A 2014 paper, resurrected for PyTorch 2.0
This repo modernizes Yoon Kim's classic CNN sentence classifier without letting it drift from the original results.

What it does Implements Kim’s 2014 “Convolutional Neural Networks for Sentence Classification” in modern PyTorch. It trains 1-D convolutions over word embeddings for binary (MR) or fine-grained 5-class (SST) sentiment classification, with a CLI for training, testing, and one-off prediction.
The interesting bit
The value is in the archaeology: the author didn’t just port the model, they stripped out deprecated torchtext APIs, fixed half a dozen RuntimeErrors and IndexErrors that accumulate when old PyTorch code meets 2.0+, and added the missing L2 constraint on the fully-connected layer that Kim’s original actually used.

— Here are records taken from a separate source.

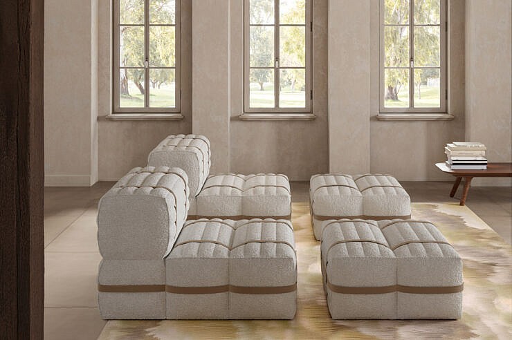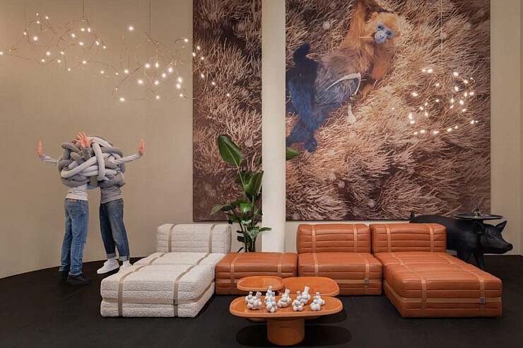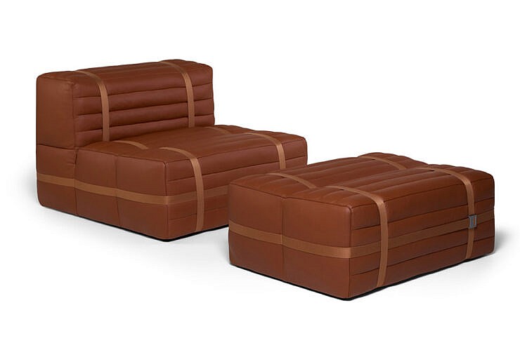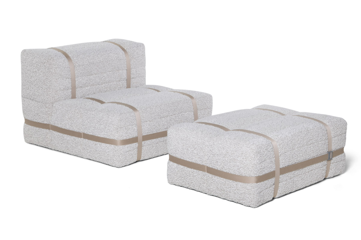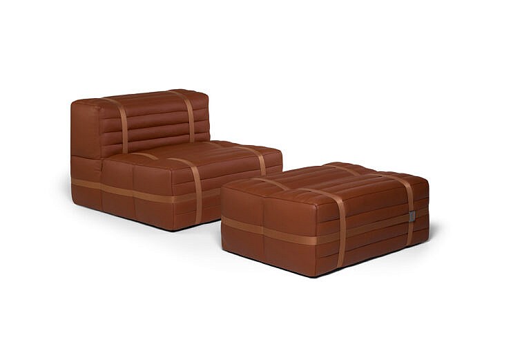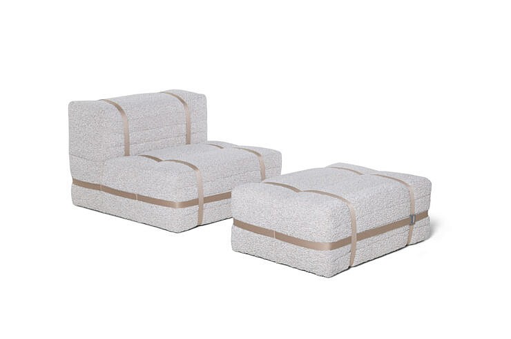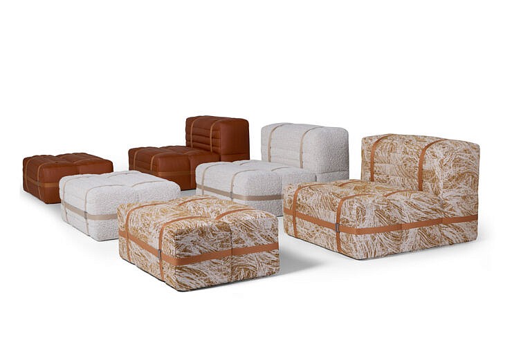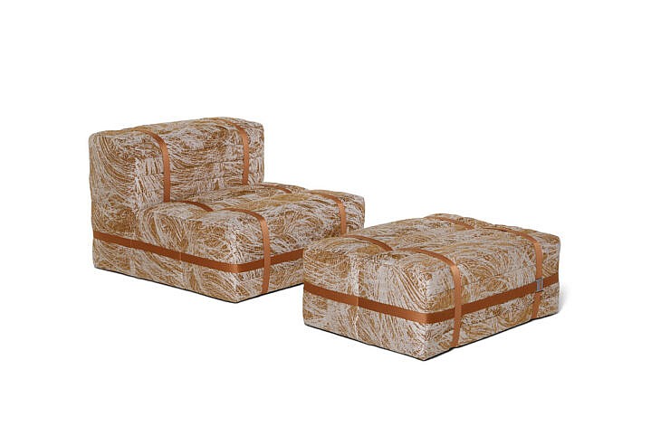 Drzna reinterpretacija podeželske nostalgije, Haybale Lounge Chair with Footstool Nicholasa Bakerja, spreminja zložene bale sena v kiparsko izjavo udobja. Plišaste, prešite blazine, pritrjene z drznimi trakovi, spominjajo na praktičnost kmečkega življenja, izdelane s skrbno pozornostjo do oblike in funkcije. V kompletu z ujemajočim se stolčkom njegova modularna zasnova vabi tako k igri kot k sprostitvi.
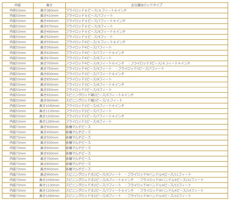 マルチピース用ロッドチューブとなります。収納ロッドの仕舞寸法を目安にサイズをお選びください。
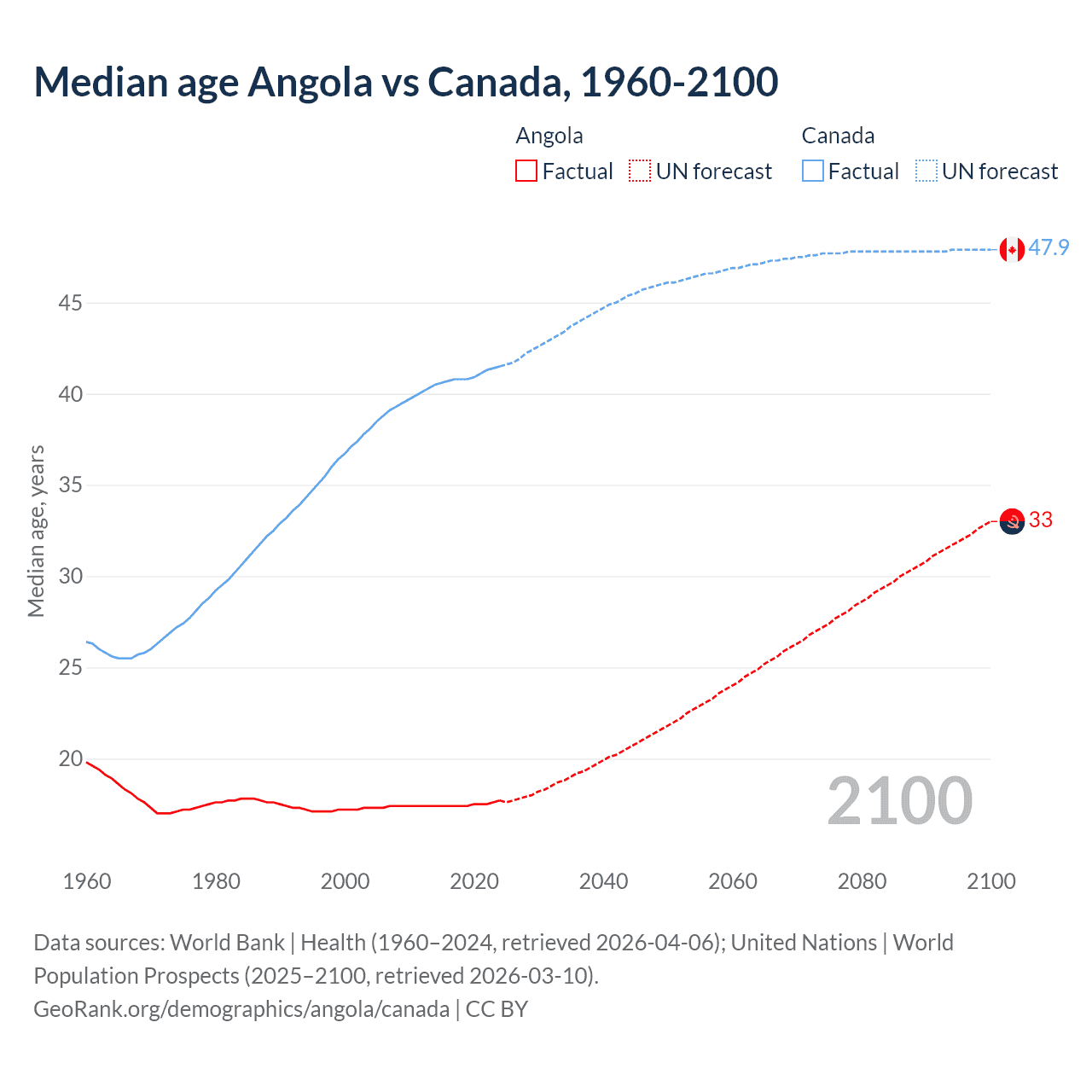 - The median age in Angola is 17.7 years compared to 41.5 years in Canada.
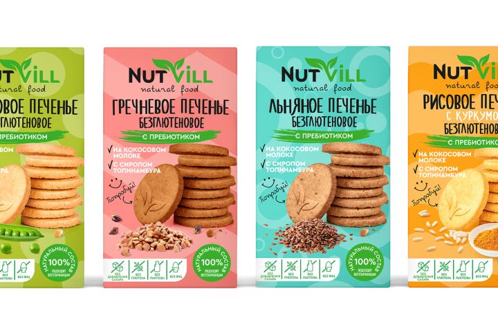 Разработали дизайн упаковки очередного вкусного и полезного продукта — безглютенового печенья «NutVill». Дизайн выполнили в традиционно яркой, привлекательной, «аппетитной» стилистике бренда.
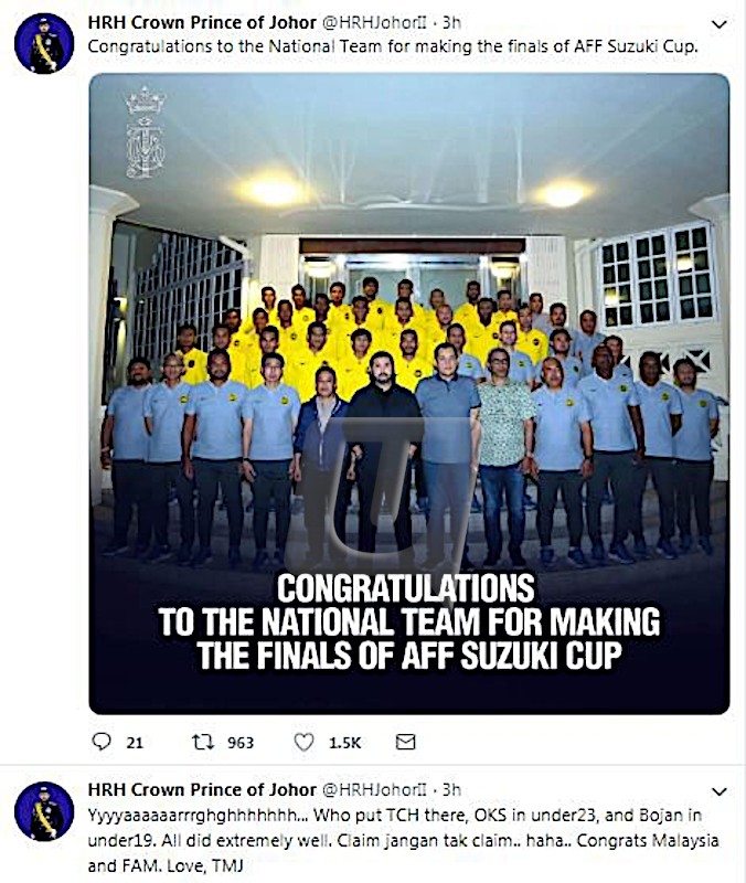 KUALA LUMPUR 6 Nov. – Gurauan bekas Presiden Persatuan Bola Sepak Malaysia (FAM), Tunku Ismail Sultan Ismail sejurus selepas Malaysia melangkah ke final Piala AFF mencuri tumpuan peminat. STATUS yang dimuat naik Tunku Ismail dalam Twitternya hari ini. Beberapa minit selepas Harimau Malaya menyingkirkan Thailand pada separuh akhir, Tunku Mahkota Johor (TMJ) memuat naik status di Twitter: “Yyyyaaaaaarrrghghhhhhhh…Who put TCH (Tan Cheng Hoe) there, OKS (Datuk Ong Kim Swee) in…

Results match the paper: 76.5% on MR, 45.6% on SST.
Key highlights
- Reproduces Kim’s CNN-rand baseline within ~0.5% on both MR and SST datasets
- Removed
torchtextdependency; uses standardDataset/DataLoaderwith a customBucketSampler - Supports both Adam and Adadelta optimizers, plus phrase-level SST training data
- CLI includes train/test/predict modes with snapshot loading
- Requires only PyTorch ≥2.0 and Python ≥3.8
Caveats
- Input text must be space-separated, even punctuation, and longer than your largest kernel size or it breaks
- Only two datasets (MR, SST) are bundled; you’ll need to wire your own data loader for anything else
- The 2017 snapshot path in the README predict examples is stale; you’ll need to point to your own trained model
Verdict Useful if you need a clean, reproducible baseline for sentence classification or you’re teaching the Kim paper and want code that actually runs on modern PyTorch. Skip it if you need multilingual support, transformer baselines, or a production-ready pipeline.